What is Neo4j Graph Data Science

Neo4j Graph Data Science (GDS) is a graph analytics and machine learning library that runs on the Neo4j graph database to compute graph algorithms and build graph-based ML pipelines. It targets data scientists, ML engineers, and graph practitioners working on use cases such as community detection, similarity, link prediction, recommendations, and fraud/risk analysis. The product differentiates through native graph projections, a catalog of graph algorithms, and an in-database workflow that reduces data movement compared with exporting graph data to external tools.

pros

Native graph algorithm library

GDS provides a broad set of production-oriented graph algorithms (for example, centrality, community detection, similarity, and path-based analytics) designed for property graphs. It supports running algorithms directly against Neo4j data via graph projections, which can simplify operationalization when the source of truth is already in Neo4j. This focus on graph-native computation is distinct from general-purpose analytics tools that primarily operate on tabular models.

In-database ML workflows

GDS includes end-to-end pipelines for tasks such as node classification and link prediction, including feature steps like graph embeddings. Keeping computation close to the graph can reduce ETL complexity and latency compared with exporting to separate analytics warehouses or BI layers. The approach fits teams that want repeatable graph feature engineering and scoring within the same platform used to store and query relationships.

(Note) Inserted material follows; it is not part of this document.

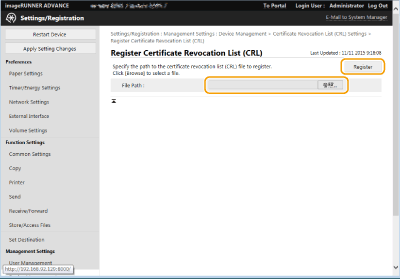 To delete a CRL, select the one that you want to delete, and click [Delete]

Integration with Neo4j ecosystem

GDS integrates with Neo4j query and administration workflows, including Cypher-based access patterns and Neo4j security/role concepts. It supports exporting results back to the graph as properties or relationships, enabling downstream applications to consume scores and communities. This tight integration can streamline deployment for organizations already standardized on Neo4j for graph workloads.

cons

Requires Neo4j graph database

GDS is designed to run with Neo4j and is not a vendor-neutral graph analytics engine. Organizations using other databases or lake/warehouse-centric architectures may need additional data movement or duplication to use it. This can increase operational overhead compared with tools that natively run where most enterprise data already resides.

Limited BI dashboarding scope

GDS focuses on graph computation and ML rather than providing full BI dashboard authoring and governed semantic modeling. Teams typically rely on separate visualization/BI products for interactive dashboards, pixel-perfect reporting, and broad business-user self-service. As a result, it may not replace dedicated dashboard software in analytics programs.

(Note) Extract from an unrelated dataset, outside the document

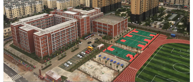 渐渐的,教学楼、宿舍楼、食堂、幼儿园……一栋栋建筑拔地而起,装饰一新;篮球场、足球场、幼儿园运动场……一个个标准化的场地顺利完工。一座崭新的胜利学校呈现在世人面前。
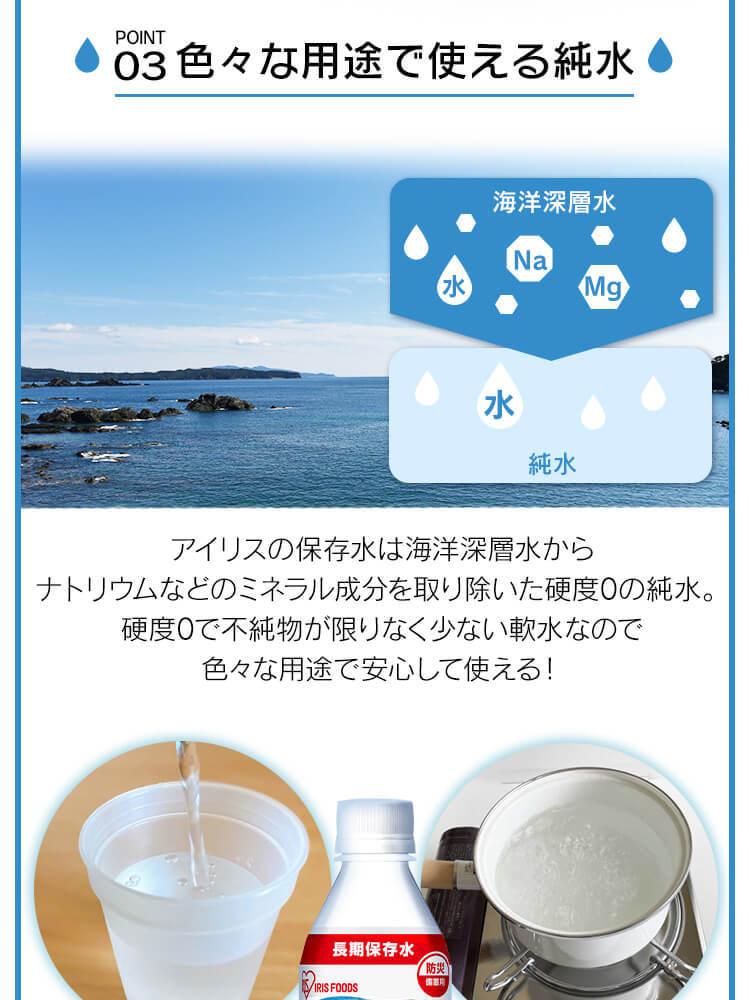 もしもに備えるアイリスの保存水。

Graph modeling and tuning effort

Effective use often requires careful graph data modeling, projection design, and algorithm parameter tuning to achieve reliable results. Performance and memory considerations can be non-trivial for large graphs, and teams may need specialized skills to interpret algorithm outputs. This learning curve can be higher than for general-purpose predictive analytics tools that assume tabular features and standard ML workflows.

Plan & Pricing

Plan Price Key features & notes
Graph Data Science (Community Edition) $0 (open-source) Community edition of the GDS library; maximum of 4 CPU cores; limited model catalog (3 models). Sources: Neo4j docs/pricing.
Graph Data Science (Enterprise, self-hosted) Contact sales / Annual license Self-hosted GDS Enterprise requires a license (annual) — premium support, read replicas, hybrid clusters; contact Neo4j for pricing.

Usage-based / managed offerings (official Neo4j Aura products): Pricing model: Pay-as-you-go / capacity-based Products & example costs (official site):

  • Aura Graph Analytics — $0.40 per GB per hour (serverless graph analytics sessions; billed in GB-minutes/GB-hours). Key notes: up to 512 GB RAM, PAYG and prepaid models.
  • AuraDS (managed Graph Data Science workspace) — stated as "starting at $1/hour" on Neo4j product pages; AuraDS is available in Professional (monthly billing) and Enterprise (contact sales) tiers and billed by GB-hours (compute).
  • AuraDB Professional (relevant when using GDS on AuraDB/AuraDS) — examples on pricing page: $0.09/hour (1GB), $0.18/hour (2GB), etc. AuraDB Professional offers a 14-day free trial.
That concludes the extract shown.